Records to use >>

BEGIN

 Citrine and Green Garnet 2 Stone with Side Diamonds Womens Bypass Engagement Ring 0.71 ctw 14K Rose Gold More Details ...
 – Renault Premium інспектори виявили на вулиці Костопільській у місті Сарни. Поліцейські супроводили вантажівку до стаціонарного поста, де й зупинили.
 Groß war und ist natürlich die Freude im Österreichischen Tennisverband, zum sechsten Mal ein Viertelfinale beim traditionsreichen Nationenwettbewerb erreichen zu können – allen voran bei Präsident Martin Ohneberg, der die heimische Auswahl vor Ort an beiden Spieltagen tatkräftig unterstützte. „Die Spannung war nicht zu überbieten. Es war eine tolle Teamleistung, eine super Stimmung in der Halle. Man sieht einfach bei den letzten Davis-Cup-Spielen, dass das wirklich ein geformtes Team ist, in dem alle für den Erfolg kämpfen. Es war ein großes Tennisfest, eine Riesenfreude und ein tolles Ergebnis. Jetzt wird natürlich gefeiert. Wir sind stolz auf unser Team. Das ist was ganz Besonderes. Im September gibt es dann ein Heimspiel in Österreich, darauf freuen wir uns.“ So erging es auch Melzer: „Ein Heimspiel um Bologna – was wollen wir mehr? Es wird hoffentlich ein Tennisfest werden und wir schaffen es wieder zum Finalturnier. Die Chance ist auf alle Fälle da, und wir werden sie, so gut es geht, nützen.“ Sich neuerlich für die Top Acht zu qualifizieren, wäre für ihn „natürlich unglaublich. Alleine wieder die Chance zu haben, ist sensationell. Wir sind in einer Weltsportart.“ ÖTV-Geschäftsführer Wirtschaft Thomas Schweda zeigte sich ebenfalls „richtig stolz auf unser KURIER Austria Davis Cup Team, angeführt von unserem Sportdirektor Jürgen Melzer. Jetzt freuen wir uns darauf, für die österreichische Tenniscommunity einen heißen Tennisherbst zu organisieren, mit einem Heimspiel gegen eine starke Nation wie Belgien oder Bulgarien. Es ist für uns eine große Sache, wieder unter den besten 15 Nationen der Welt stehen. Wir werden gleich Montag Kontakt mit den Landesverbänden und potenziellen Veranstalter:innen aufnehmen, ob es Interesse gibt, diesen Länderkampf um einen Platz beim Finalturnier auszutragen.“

END
BEGIN

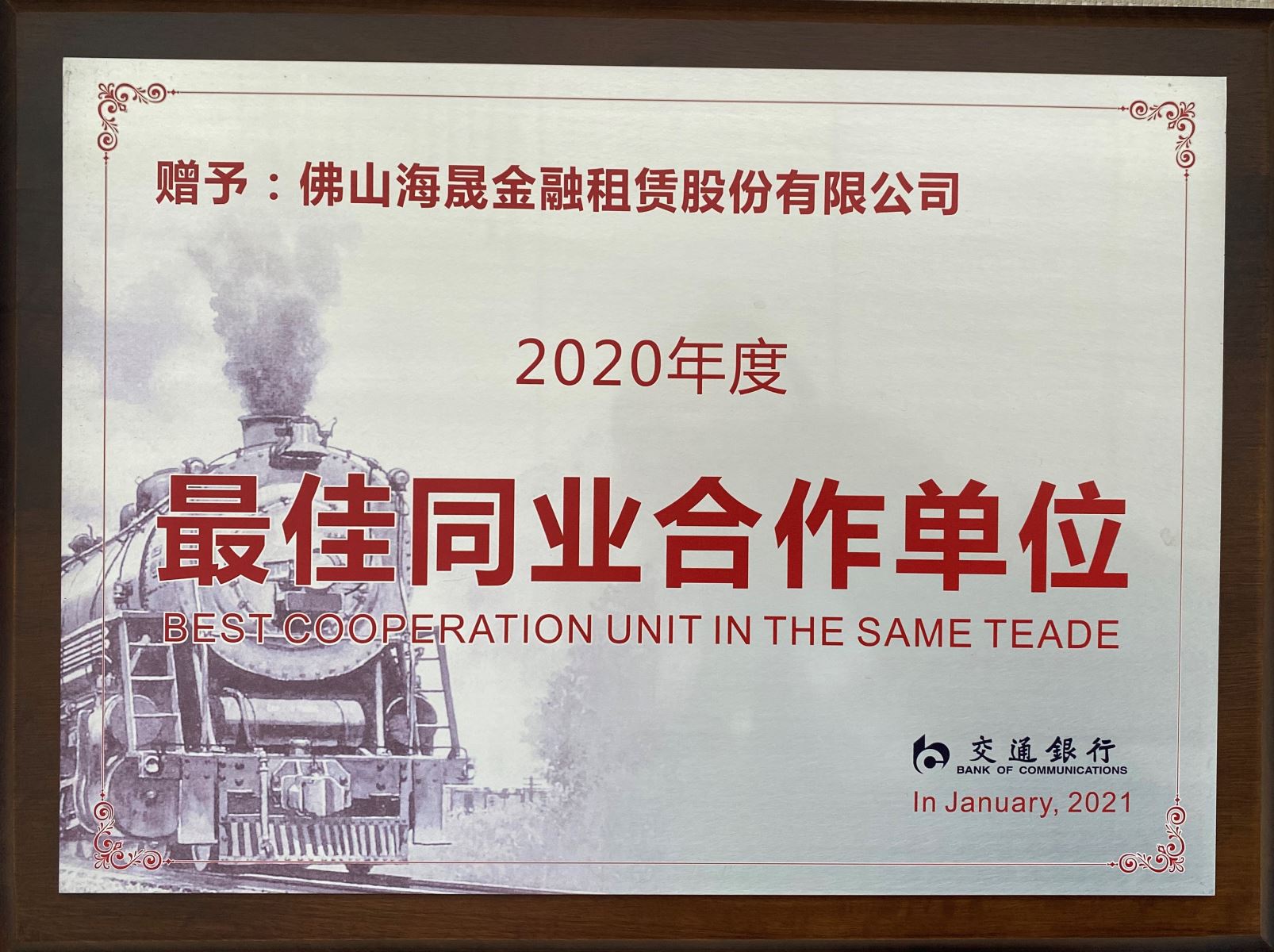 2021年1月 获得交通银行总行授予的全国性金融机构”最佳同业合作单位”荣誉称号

END

What is required >>
From the data above, output only the lines between the line containing "Citrine and Green" and the line containing "де й зупинили.", inclusive, exactly as written.

Problem solution >>
 Citrine and Green Garnet 2 Stone with Side Diamonds Womens Bypass Engagement Ring 0.71 ctw 14K Rose Gold More Details ...
 – Renault Premium інспектори виявили на вулиці Костопільській у місті Сарни. Поліцейські супроводили вантажівку до стаціонарного поста, де й зупинили.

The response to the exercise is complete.